Dihydroartemisinin Shows Promising Effects in the Treatment of Experimental Autoimmune Encephalomyelitis and Maintains Inflammatory Homeostasis by Targeting AXL in Microglia

Abstract Background: During EAE progression, the endogenous mechanisms mediating nervous autoimmune inflammation balance, as represented by AXL, were proved to be pathologically disturbed, immune balance and axon repair. Therapeutically, by activating AXL signaling, the inflammatory rebalance from promotion to resolution has attracted increasing attention and showed advantages in autoimmune disease treatment. Previous studies implied that DHA had potential effects in treating autoimmune diseases.
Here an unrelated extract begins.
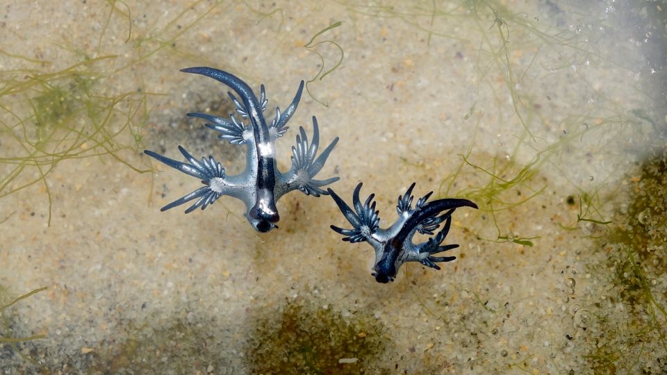 Leuchtend blau und silber schillert die Glaucus atlanticus. Wegen ihrer Farbe und Form wird die marine Nacktschnecke auch »Blauer Drache« genannt. Sie ist nicht nur wegen ihres Aussehens etwas Besonderes,sondern kann auch giftig sein.
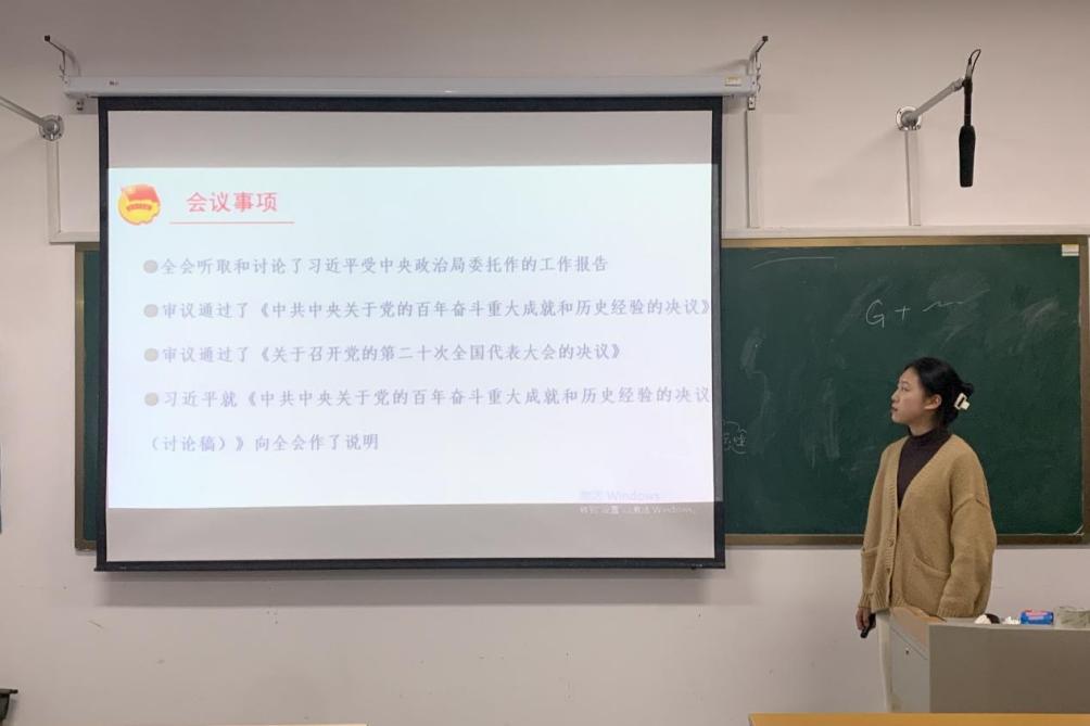 团委于11月17日组织各团支部开展学习党的十九届六中全会精神主题团课。

However, the detailed mechanisms in inflammation regulation, especially in CNS, remain unclear.Methods: C57BL/6 mice were immunized with MOG35-55 and treated daily with DHA. Then clinical scores, pathology, and ethology features of EAE were assessed through histological staining (H&E, LFB staining), TEM and gait analysis. Moreover, DHA-responsive cells and genes were screened by 10x Genomics. The immunological responses to DHA were measured by flow cytometry and fluorescence microscope in BV2 cells. The concentrations and bio-activities of chemokines were respectively evaluated through ELISA and trans-well assay. Results: After DHA treatment, the clinical scores and body weight were significantly improved. Histologically, mice showed slighter spinal cord lesion, less inflammatory cuffs. By using gait analysis, DHA obviously improved physical coordination. 10x Genomics demonstrated that DHA selectively upregulated AXL expression in microglia. Immunologically, by enhancing AXL signaling, the phagocytic and chemotactic potential of microglia and the Treg differentiation followed by upregulating PDL1 were significantly influenced by DHA. Conversely, specific blocking of AXL by SGI7079 was sufficient to reverse above-mentioned functions. Molecularly, DHA specifically rebalanced the overactivated inflammation through STAT1:SOCS3: AXL: IFNAR pathway. Conclusions: The present study highlighted the central role of AXL signaling in DHA mediated inflammatory transition.